## [TASK GOAL]
Exercise in exact copying: restate word for word only the lines below from the one containing "Willow chewing Jim’s sock during the show!" through the one containing "拓展:如图②,点B、C在∠M", omitting any pictures.

BEGIN EXTRACTED RECORDS

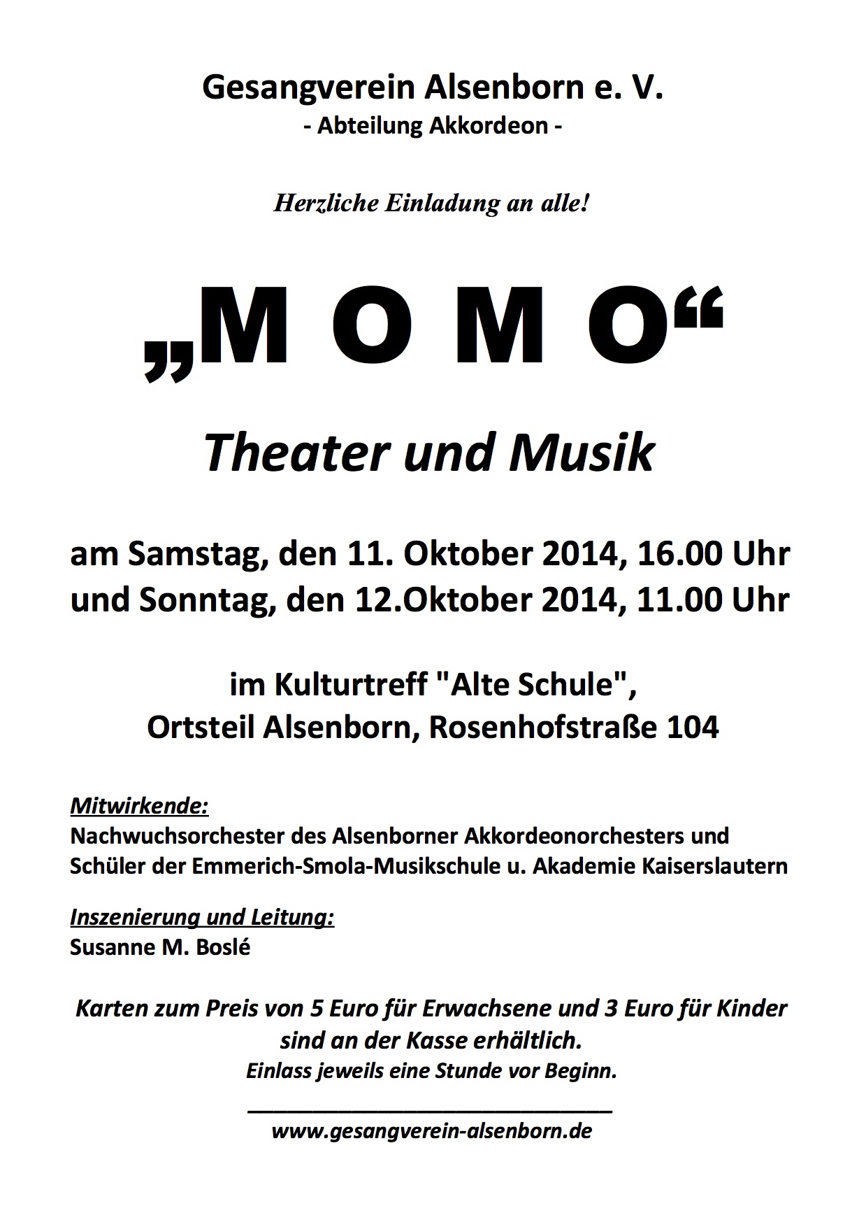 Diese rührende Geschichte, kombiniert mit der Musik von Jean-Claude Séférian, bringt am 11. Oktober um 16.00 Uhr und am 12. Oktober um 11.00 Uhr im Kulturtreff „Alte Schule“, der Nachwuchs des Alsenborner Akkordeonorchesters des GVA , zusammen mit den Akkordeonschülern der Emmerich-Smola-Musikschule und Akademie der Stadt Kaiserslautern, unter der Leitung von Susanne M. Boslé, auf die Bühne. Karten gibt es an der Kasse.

END EXTRACTED RECORDS
BEGIN EXTRACTED RECORDS

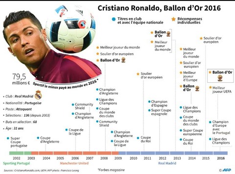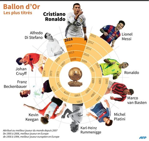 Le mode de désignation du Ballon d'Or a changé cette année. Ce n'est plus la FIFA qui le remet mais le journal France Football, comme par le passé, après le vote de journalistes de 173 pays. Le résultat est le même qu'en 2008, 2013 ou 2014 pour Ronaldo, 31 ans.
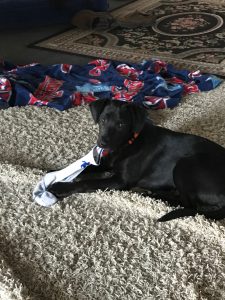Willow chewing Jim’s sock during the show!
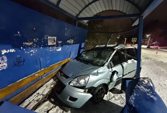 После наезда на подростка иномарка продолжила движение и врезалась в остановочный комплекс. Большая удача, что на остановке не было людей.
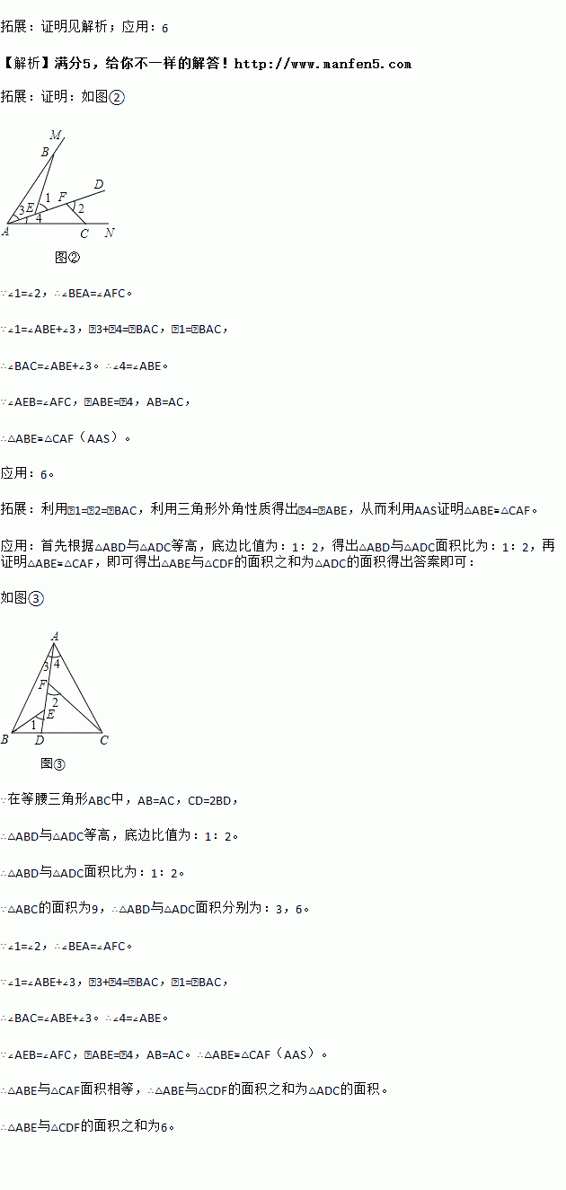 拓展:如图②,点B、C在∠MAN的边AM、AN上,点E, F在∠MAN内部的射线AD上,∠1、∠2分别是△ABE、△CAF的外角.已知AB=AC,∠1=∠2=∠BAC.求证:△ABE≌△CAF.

END EXTRACTED RECORDS
BEGIN EXTRACTED RECORDS

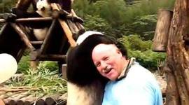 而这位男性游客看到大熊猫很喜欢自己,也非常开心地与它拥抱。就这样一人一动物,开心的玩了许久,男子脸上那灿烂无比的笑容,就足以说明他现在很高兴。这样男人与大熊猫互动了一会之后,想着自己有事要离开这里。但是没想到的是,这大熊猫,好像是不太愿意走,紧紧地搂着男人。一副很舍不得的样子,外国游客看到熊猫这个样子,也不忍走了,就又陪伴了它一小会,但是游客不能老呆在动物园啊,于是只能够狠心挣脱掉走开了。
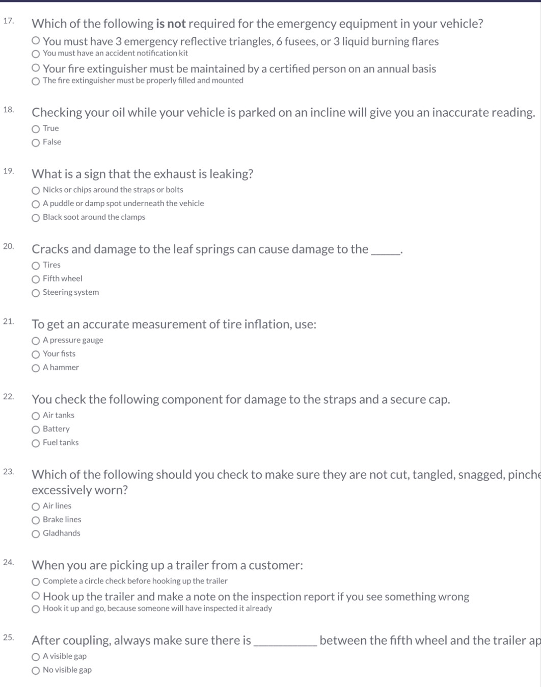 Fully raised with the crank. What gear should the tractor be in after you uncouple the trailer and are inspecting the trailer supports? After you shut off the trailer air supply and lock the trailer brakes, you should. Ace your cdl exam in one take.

END EXTRACTED RECORDS

## [TASK RESPONSE]
Willow chewing Jim’s sock during the show!
 После наезда на подростка иномарка продолжила движение и врезалась в остановочный комплекс. Большая удача, что на остановке не было людей.
 拓展:如图②,点B、C在∠MAN的边AM、AN上,点E, F在∠MAN内部的射线AD上,∠1、∠2分别是△ABE、△CAF的外角.已知AB=AC,∠1=∠2=∠BAC.求证:△ABE≌△CAF.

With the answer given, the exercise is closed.